I finally accept that The World and My (so-called)
Life will forever undergo change. I also
accept that I’m stuck smack dab in the middle of that universal cement mixer
and there’s not one thing I can do about it.
Good and bad, revolution happens.
Oh, I can observe, analyze, compute, project, plan, set objectives and
goals, all wonderful gyrations that I can go through to convince myself I’m on staying
on top of things. But those changes just
keep on coming and they’re going to keep on coming and keep me forever
high-stepping through the morass. The
best I can really do is get better boots!
The way I now see it, I may not ever become
that “Phil” I thought I always would be someday when I grow up.
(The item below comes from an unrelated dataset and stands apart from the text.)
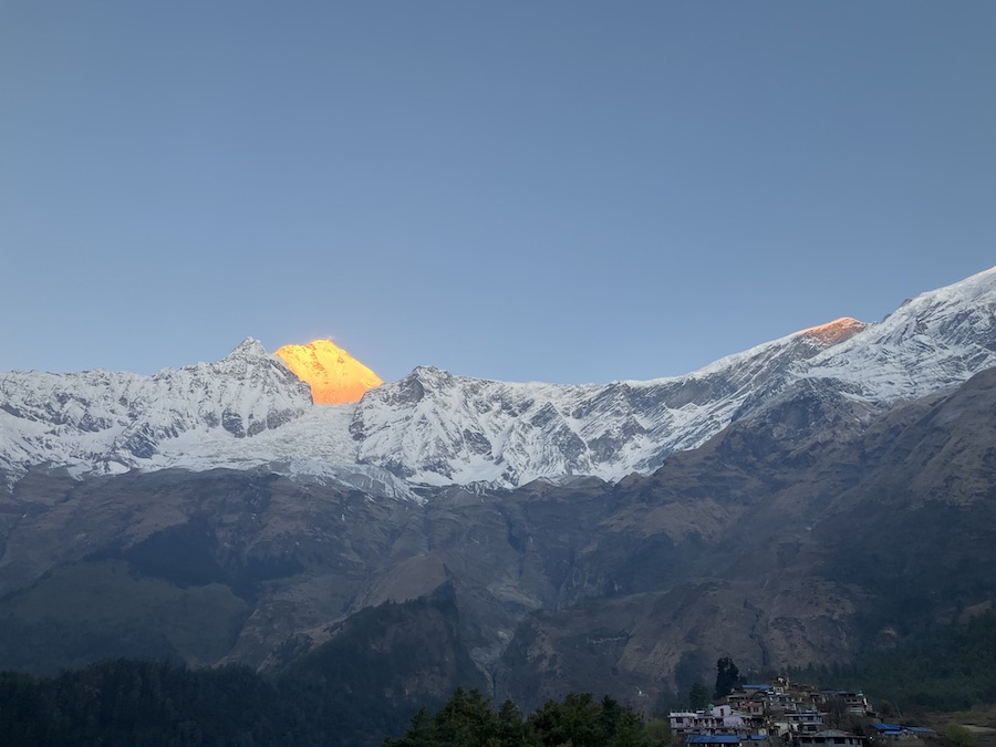 最初にダウラギリ山頂(標高8,167m/26,795フィート、富士山の2倍以上)が金色に輝く。

Heck, I’m on the downhill side of my mid-fifties,
which should mean I’m already grown-up, but I’ve had to continue to grow and I
don’t mean just horizontally. The
problem is I thought I had it all figured out many, many years ago, forty-one
years ago in fact, at the ripe old age of fifteen. But, needing to address constant variations
of being, I’ve had to go back to the Drawing Board of My Life again and again. Transformation ad nauseum!
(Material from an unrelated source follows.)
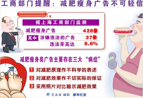 隨著人們健康觀念的日益增強,越來越多的人開始關注肥胖問題。肥胖本身是一種疾病,其危害程度遠高于吸煙,已成為許多非傳染性疾病的主要致病因素。醫學研究證明,肥胖可誘發高血壓、糖尿病、冠心病、中風等疾病,患糖尿病、膽結石、月經異常的幾率也成倍增加。 面對肥胖這一健康的“障礙”,許多人都把減肥列入了日程。如今,翻開報紙、打開電視,各種各樣的減肥廣告撲面而來。但這些效果“喜人”的減肥產品、非!罢帯钡臏p肥中心,真的能讓你成功減肥并且有助于健康嗎? 在哈爾濱市的一些媒體上,經常出現快樂減肥基地、專業減肥中心等機構打出的廣告,稱“42天/期減30至80斤”、“鄭重承諾一個月減20斤、兩個月減40斤”、“八分鐘瘦身,一療程減15至30斤,少減一斤全額退款”、“三餐照吃,達不到承諾少一斤退100元”等,讓消費者對減肥信心倍增,仿佛短期內就可重現苗條身材。 但監測顯示,減肥瘦身類廣告已成為虛假、夸大宣傳的重災區。上海市工商部門近期監測了各類減肥瘦身廣告428條,其中涉嫌違法的廣告有37條,違法率高達8.6%,遠遠高于全市廣告平均違法率。工商部門表示,減肥瘦身類廣告主要存在三大“病癥”:對減肥原理作不科學的表述,對減肥效果作不切實際的保證,采用照片對比暗示減肥效果。 哈爾濱醫科大學附屬第一醫院營養科主任閆雅更教授說,正常減肥應是以每月體重下降0.5至0.75公斤的速度持續,一年才能減掉六至九公斤,目前許多減肥廣告在效果宣傳上都有些過度。而減肥瘦身類產品、服務的價格往往較高,虛假廣告宣傳會對消費者的健康和經濟造成雙重損害。

Things that were so important twenty or
thirty years ago have become absolutely meaningless as I’ve hit my forties and
fifties. And, vice-versa, things so insignificant
when I was much younger have grown exceedingly crucial now that I’m staring at sixty. Throw in kids, education, mortgages,
tuitions, jobs, family, entertainment, technology, savings, retirement plans, my
city my state my country, global warming, recycling rules, let alone the Fate
of the World - I could go on and on and on and on. And I have to; go on and on, I mean. But for some reason, these new points of focus
want to invade my thoughts in the middle of the night, right around 3:17 a.m.,
the wee hours, slapping me around, prodding me to solve the issues, create some
plans, provide some answers, shouting, “Hey, wake up and deal with us!” when all
I want to do is fall back asleep.
I read in Sports Illustrated that Erik
Spoelstra, the forty-two year old head coach of the Miami Heat, gathered the
reigning and remaining championship team before the first day of training camp after
losing The King, Superstar Lebron James, in the offseason. He addressed the players. “How many times have you reinvented yourself
to become somebody new, somebody better?
But in order to do that you have to be uncomfortable. You can’t stay who you are….Things change and
you have to be able to adapt.”
So to me, that’s the new KEY idea I’ve
learned: those changes to the World and to My Life are going to continue and
they’re going to continue FOREVER.
Really. Forever. And I will feel uncomfortable but I have to
keep up. I can pretend I don’t need to,
tell myself I won’t, play it cool, act as if I’ve already got everything all figured
out. But that would just be
bull-hockey. Sort of like being on a
moving treadmill – you can stand still if you want, but you’ll get whisked
along anyway and eventually you’ll get dumped off the edge and maybe even get
injured. And you can’t look too cool
getting dumped off a treadmill.
It’s cliché, I know, but what I’ve learned
over and over, time and time again, through examples from friends and
strangers, through music, through books, through movies, through Facebook for
God’s sake, through LIFE: I have got to
focus on the Good Stuff. The Good Stuff brings really good energy,
happiness. That’s easy to deal with, fun
and fulfilling. And much of the Good
Stuff is earned through hard work and I shouldn’t discount that. The Bad is where I get beat up. Worry comes and worry goes, stress grows and
stress goes. But I must dig, sometimes
dig deep, and I will always find something there to rejoice about, find joy, to
fill me with wonder.
How fitting that this Thursday is
Thanksgiving Day, time to count our blessings, time to give thanks. That should be all the time, every day. If things change, that is.